Though the American short-story tradition begins with Poe and Hawthorne and their allegiance to the tale and the fable, most American short fiction of the past century has developed out of the tradition of realistic writers such as Anton Chekhov—with exceptions, of course. In her excellent collection Nice Big American Baby, though, Judy Budnitz explores the dimensions of the short story made possible by tales and fables and their intersections with realism.

As the title suggests, the stories in the collection investigate what it means to be American, both in the individual sense and in terms of our larger culture. In the story "Where We Come From," where the book's title also comes from, a pregnant woman tries and fails many times to immigrate to the United States (knowing she will likely be deported) so her son can be born there and thus be a citizen. She ultimately carries her baby for a term of four years, adamant that he have the benefits of being an American. She is eventually allowed to give birth in the U.S., and her son is adopted by an American family. Ultimately, though, as the large child adapts to his family, the fine lines between family and country are unclear, complicated by grief and love, the comforts his mother desired for him and the love she desires to share with the son she has been separated from.

Budnitz's interest in politics pervades the stories, but her politics rarely shape them. These stories are not overt responses to contemporary political issues but more investigations into how the personal and the political shape each other. In "Saving Face," a woman mistaken for the prime minister of an unnamed country tries to defend herself by telling how she became the literal "face" of the country, painted and shown everywhere, hated and loved by the citizens.

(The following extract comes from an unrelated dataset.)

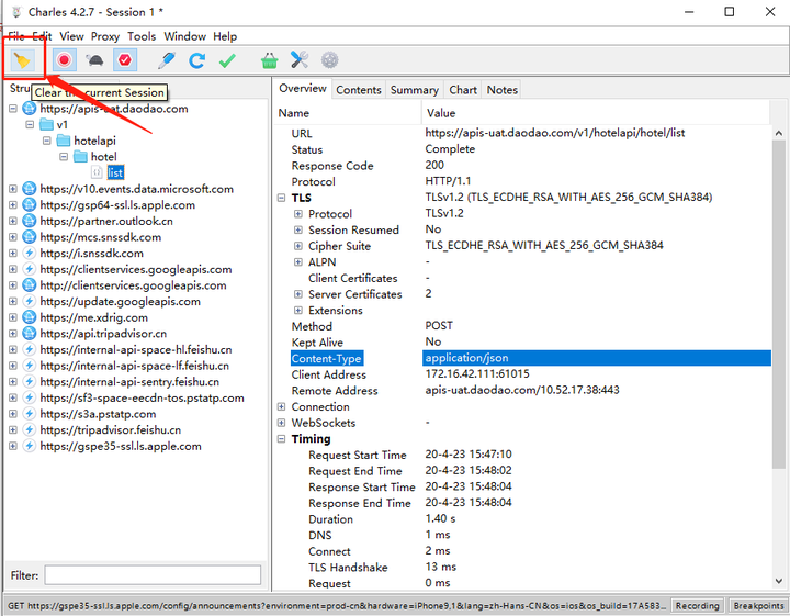 1、 首先清空Charles界面上的其他记录;

Another moving story, "Immersion," demonstrates the author's skill as a realist, as a young white girl narrates how a group of black kids overrun her neighborhood public pool at her cousin's invitation. As the narrator and the other white kids avoid the pool, polio invades the area, and we ultimately see the that narrator's dislike of the black kids (some of whom she secretly identifies with) mirrors her dislike of her outsider cousin. The narrator's racism is nothing more or less than her fear of the unknown—a fear complicated by [End Page 164] her occasional compassion and her overbearing spitefulness.

At times Budnitz's interest in politics tends toward the heavy-handed, as in "Preparedness," in which a countrified American president with a penchant for malapropisms tries to prepare his country for an impending attack. Sound familiar? The caricature of George Bush, while amusing, is hardly fresh, even when Budnitz's story ends with her fictional president sliding down a pole to the other side of the earth. "Preparedness," though, is the exception; the political and personal complications of most of the stories are handled with more originality.

I haven't mentioned or quoted Budnitz's prose because the simplicity and precision of her writing are so compelling. Tales and fables are often notable for the tight prose with little adornment; Budnitz's writing is not as spare as, say, Raymond Carver's, but her directness makes the moments of surprise even more moving. While her prose style may not dazzle as much as that of another politically conscious writer, George Saunders, her stories engage with the possibilities of short fiction in new and gripping ways that place her as an important writer who is extending what the short story currently can do.